For my common stock I have chosen to do my paper on Ford, because I have
been following them since the middle of the depression when they were hit hard. Ford is a company that has been around so long that I have stayed interested in them for quite awhile. Before the recession I was holding some of their stock myself and ended up buying a little bit more when it was under two dollars, and sold the stock after it hit 15 dollars. As most people know Ford was incorporated in 1903, with the founder Henry Ford at the helm. The company went public in 1956, but using a special b stock the family retained nearly 40% of the voting rights.

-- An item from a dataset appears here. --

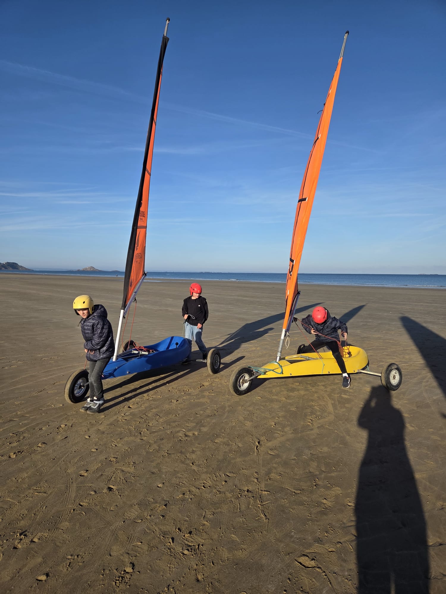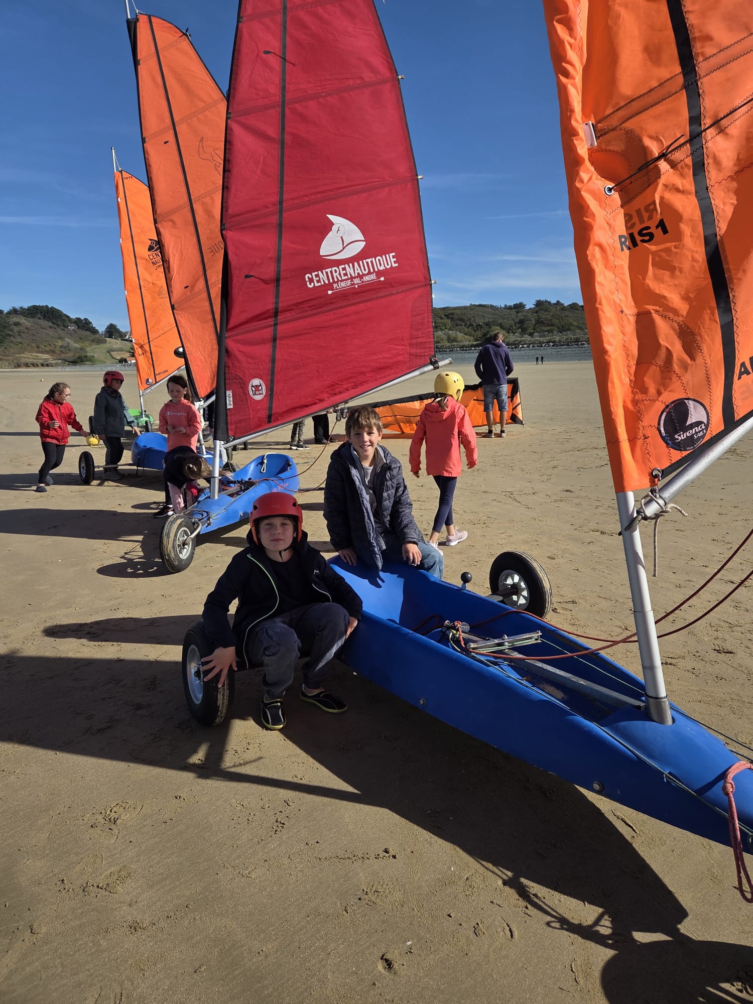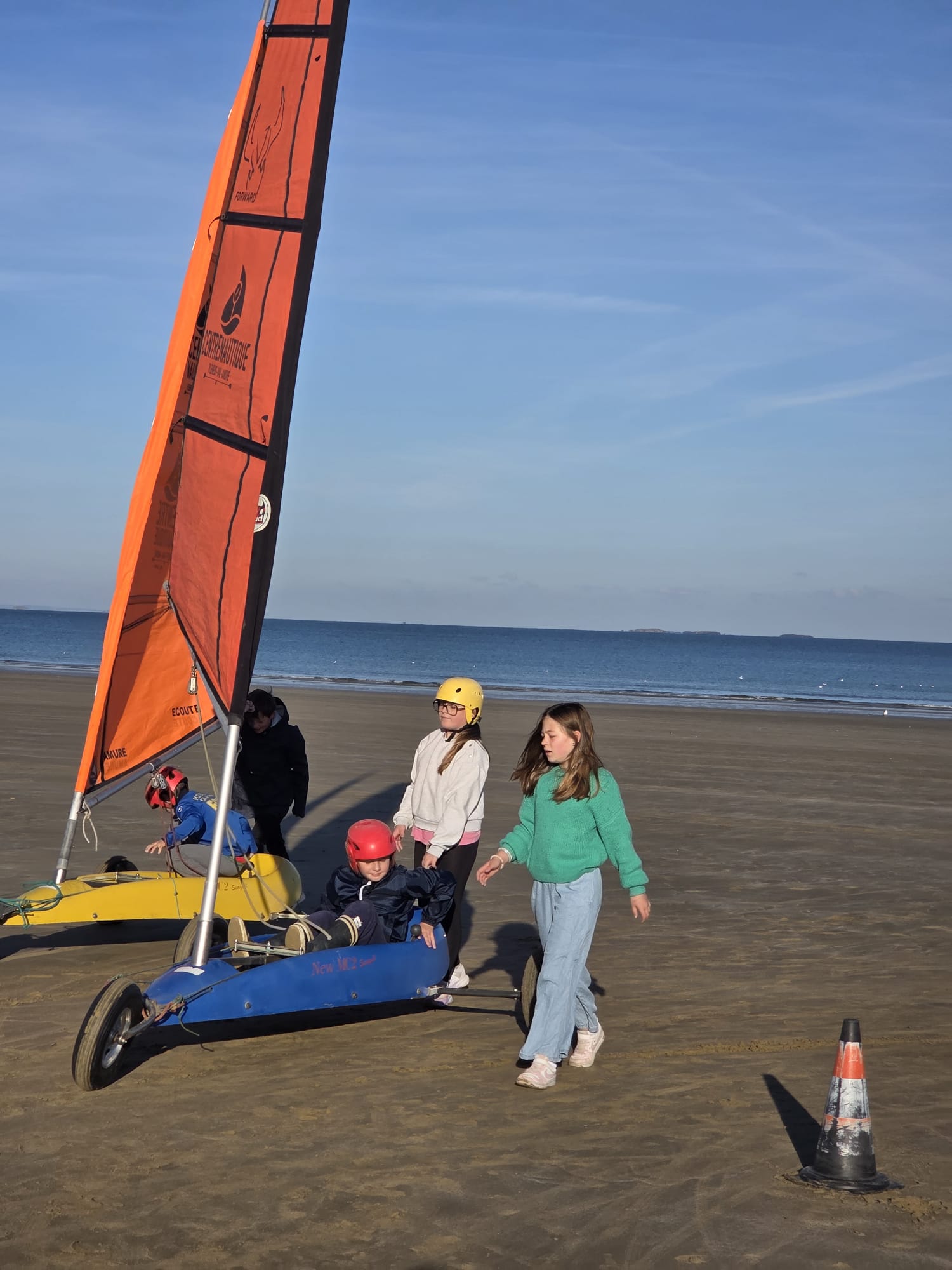 Séquence char à voile au premier trimestre pour les CM. La météo était agréable à la Ville Berneuf. Les élèves ont bien apprécié ces séances avec Alex et Vincent, moniteurs sympathiques du Centre Nautique de Pleneuf Val André.

Throughout the time the stock has been publicly traded the company has been in relatively good shape in terms of financial stability. Ford has 2 main competitors GM and Chrysler, all of which suffered during the recession. In 2009 Chrysler filled for chapter 11 bankruptcy as they were having staggering troubles making money. In a just completed deal the company was purchased by the Italian company Fiat. GM filled for chapter 11 bankruptcy as well and was given a government bailout in 2009. Later in 2010 they went on to have an ipo and regained profitability later that year. Ford has had some troubles in the past decade or so even before the recession. In 2006 the recorded the biggest loss they had ever had on the books. After the recession hit the company was in dire trouble. Instead of asking the government for a bridge loan like GM and Chrysler did Ford just want a line of credit for 9 billion dollars. The credit was to allow them to be protected if the economy had gotten worse. During this time the company’s stock had fallen from about 15 dollars per share in 2005 to $1.43 per share in 2009, and the company’s bonds were classified as junk bonds. After they received their first profitable year in 2010 the bonds were reclassified to investment grade and the company began to recover. After an initial spike in 2011 to around 18 dollars per share the company fell in 2010 to around 10 dollars per share. Since then though it has had steady healthy growth leading up to $16.65 per share as of closing market time today.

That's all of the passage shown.